De baard bij de Perzen.
De Perzen scheren zich het hoofd en laten slechts een lok haren op de kruin en twee lokken achter de ooren staan. Daarentegen dragen zij echter den baard nog langer dan de Turken en trekken dien tot de ooren en de slapen op. Gewoonlijk verven zij hem zwart, een uiterst lastig gebruik, daar het werk bijna om de veertien dagen moet herhaald worden. Het wordt in een heet bad ondernomen, waardoor de haren geschikt worden gemaakt om de kleurstof aan te nemen. Men bedekt den baard met een deeg van eene plantaardige verfstof, khenna genaamd, laat hem een uur lang in dezen staat en wascht hem dan uit. Door deze bewerking heeft hij een donkere oranjekleur verkregen. Nu wordt verder van gekneede indigobladen een minder dik deeg op den baard gelegd en gedurende twee uur daar op gelaten. Gedurende deze operatie ligt de man die ze ondergaat, op den rug, terwijl de indigo door hare samentrekkende kracht al de gelaatstrekken pijnlijk verwringt.

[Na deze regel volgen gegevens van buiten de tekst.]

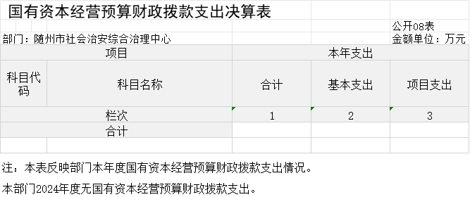 2024年度國有資本經營預算財政撥款本年支出0萬元。具體支出情況為:本單位當年無國有資本經營預算財政撥款支出。

Als de indigo is weg gewasschen, heeft de baard eene frischgroene kleur aangenomen, die eerst na vier en twintig uren in de open lucht pikzwart wordt.
De Pers wijdt aan dit gedeelte van zijn toilet een bijzondere zorg. De jongelieden verlangen naar den tijd, dat ook hun het geluk wordt beschoren een baard te bezitten, en ten einde dit sieraad spoediger te verkrijgen, smeren zij zich de kin met een zeker vet in. Zij smachten er niet allen naar uit een ingeschapen pronk- en behaagzucht, maar ook omdat zij tot niets degelijks bekwaam gerekend worden zoolang zij dit tooisel missen.